Bahkan, ahli kriminologi dan kepolisian Adrianus Meliala mempertanyakan langkah polisi yang menetapkan AS sebagai tersangka, tetapi polisi juga yang mengakhirinya. Dia menduga, keputusan itu diambil karena tekanan dari media dan perintah dari atasan.
Di mana esensi profesionalisme?
Profesionalisme adalah sesuatu yang tidak bisa digoyahkan oleh tekanan manapun. Namun, hanya karena tekanan media, profesionalisme ini justru bisa digoyahkan?
Hukum Bisa Berubah dalam Demokrasi
Sistem demokrasi membuka lebar peluang untuk membuat hukum dan mengubahnya sesuai keinginan manusia. Sehingga, dalam kehidupan saat ini, standar benar dan salah sangatlah relatif. Ini tergantung kacamatanya, apakah memakai kacamata keimanan ataukah tidak. Karena itu, sangat wajar jika korban begal dijadikan tersangka karena telah menghilangkan nyawa pelaku begal. Keputusan ini bisa dengan cepat berubah karena "tekanan publik", misalnya. Ini karena kembali lagi, prinsip demokrasi adalah kebebasan dalam melahirkan sebuah kebijakan.
Jaminan Keadilan dalam Islam
Islam sebagai diin yang sempurna telah memberikan panduan ketika terjadi kasus pembegalan.
Dari Abu Hurairah ra, ia berkata bahwa ada seseorang yang menghadap Rasulullah shallallahu 'alaihi wasallam, ia berkata, "Wahai Rasulullah, bagaimana pendapatmu jika ada seseorang yang mendatangiku dan ingin merampas hartaku?"
Beliau bersabda, "Jangan kau beri padanya."
Ia bertanya lagi, "Bagaimana pendapatmu jika ia ingin membunuhku?"

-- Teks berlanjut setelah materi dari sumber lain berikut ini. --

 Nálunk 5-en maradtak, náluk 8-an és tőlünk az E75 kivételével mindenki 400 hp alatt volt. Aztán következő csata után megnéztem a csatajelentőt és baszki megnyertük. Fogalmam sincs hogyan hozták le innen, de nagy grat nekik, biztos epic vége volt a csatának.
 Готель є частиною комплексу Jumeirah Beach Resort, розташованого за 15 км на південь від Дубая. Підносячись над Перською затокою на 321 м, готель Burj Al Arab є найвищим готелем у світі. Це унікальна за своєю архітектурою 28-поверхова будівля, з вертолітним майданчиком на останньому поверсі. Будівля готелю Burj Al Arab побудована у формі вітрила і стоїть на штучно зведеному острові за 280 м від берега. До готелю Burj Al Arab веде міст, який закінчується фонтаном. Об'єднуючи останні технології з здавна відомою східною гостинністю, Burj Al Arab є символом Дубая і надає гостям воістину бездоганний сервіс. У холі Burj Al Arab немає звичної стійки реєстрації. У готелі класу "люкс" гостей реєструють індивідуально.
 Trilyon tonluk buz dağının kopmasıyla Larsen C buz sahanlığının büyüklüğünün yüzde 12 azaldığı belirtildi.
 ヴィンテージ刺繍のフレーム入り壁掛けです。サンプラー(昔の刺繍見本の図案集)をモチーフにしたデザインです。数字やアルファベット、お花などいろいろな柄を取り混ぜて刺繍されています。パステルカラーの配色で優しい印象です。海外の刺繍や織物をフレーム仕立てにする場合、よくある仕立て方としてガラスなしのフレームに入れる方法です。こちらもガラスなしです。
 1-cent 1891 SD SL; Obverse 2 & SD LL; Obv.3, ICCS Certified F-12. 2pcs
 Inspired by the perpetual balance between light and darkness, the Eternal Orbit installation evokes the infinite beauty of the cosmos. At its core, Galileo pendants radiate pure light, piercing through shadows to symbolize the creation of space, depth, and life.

Beliau bersabda, "Bunuhlah dia."
"Bagaimana jika ia malah membunuhku?" ia balik bertanya.
"Engkau dicatat syahid," jawab Nabi shallallahu 'alaihi wasallam.
"Bagaimana jika aku yang membunuhnya?" ia bertanya kembali.

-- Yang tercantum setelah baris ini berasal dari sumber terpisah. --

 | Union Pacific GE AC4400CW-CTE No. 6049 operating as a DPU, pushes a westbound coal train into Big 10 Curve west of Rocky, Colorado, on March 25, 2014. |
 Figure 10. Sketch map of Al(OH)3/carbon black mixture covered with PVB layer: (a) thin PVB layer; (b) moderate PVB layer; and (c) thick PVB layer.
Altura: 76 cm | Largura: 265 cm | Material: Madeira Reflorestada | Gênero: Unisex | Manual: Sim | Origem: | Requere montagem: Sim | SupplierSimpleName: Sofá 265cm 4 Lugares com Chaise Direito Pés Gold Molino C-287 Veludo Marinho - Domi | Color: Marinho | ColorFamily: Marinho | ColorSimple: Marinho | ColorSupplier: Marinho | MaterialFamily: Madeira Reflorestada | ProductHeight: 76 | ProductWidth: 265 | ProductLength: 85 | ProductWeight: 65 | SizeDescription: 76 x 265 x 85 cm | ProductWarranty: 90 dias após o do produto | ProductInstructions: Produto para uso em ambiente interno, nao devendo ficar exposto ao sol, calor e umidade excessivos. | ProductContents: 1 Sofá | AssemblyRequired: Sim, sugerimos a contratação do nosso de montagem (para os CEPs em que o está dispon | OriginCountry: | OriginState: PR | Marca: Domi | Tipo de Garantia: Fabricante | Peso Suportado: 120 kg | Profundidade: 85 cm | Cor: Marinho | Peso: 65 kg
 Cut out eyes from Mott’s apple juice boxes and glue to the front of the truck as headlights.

"Ia yang di neraka," jawab Nabi shallallahu 'alaihi wa sallam. (HR. Muslim no.140)
Dari hadis di atas, kita mendapat gambaran yang jelas, bahwa seorang muslim wajib dengan sekuat tenaga mempertahankan harta dan kehormatannya saat ada yang ingin merampas. Bahkan, seorang korban begal harus mempertahankan nyawanya saat ancaman itu datang.

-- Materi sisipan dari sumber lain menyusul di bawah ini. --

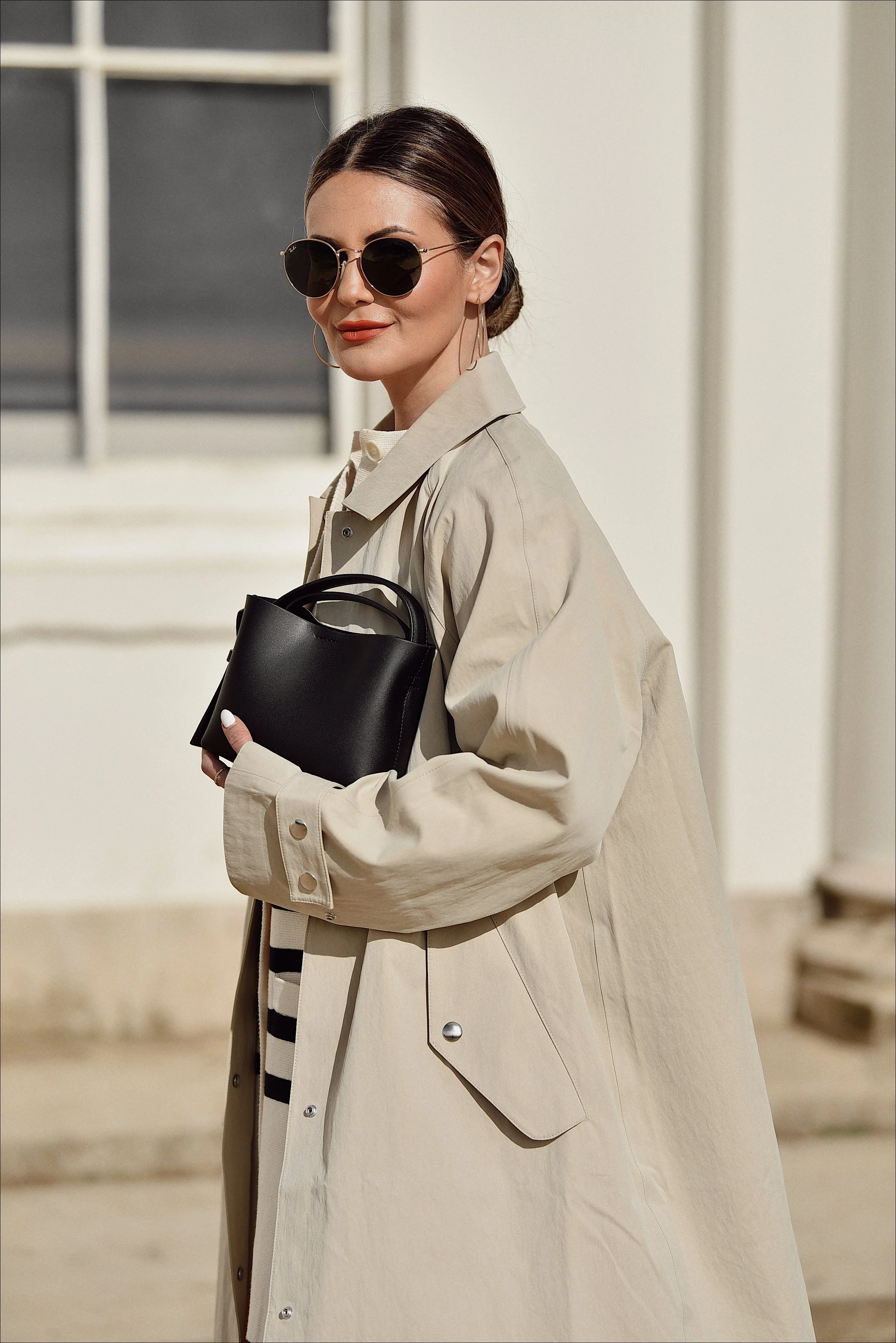 A woman with dark hair styled in a bun wearing large round sunglasses and hoop earrings, dressed in a beige trench coat, holding a black handbag, standing outdoors in front of a building with white walls and windows.

Inilah pemenuhan gharizah baqa' (naluri mempertahankan diri) yang sesuai dengan panduan Islam.
Bahkan, Allah Ta'ala memberikan balasan luar biasa bagi korban begal yang meninggal, yaitu syahid. Sedangkan bagi pelaku pembegalan yang berhasil dibunuh, maka nerakalah balasannya.
Inilah Islam sebagai sistem hidup yang mampu menjamin keadilan bagi seluruh manusia. Tidakkah kita merindukan sistem kehidupan yang sempurna seperti ini? Wa maa tawfiiqii illaa bilLaah 'alayhi tawakkaltu wa ilayhi uniib.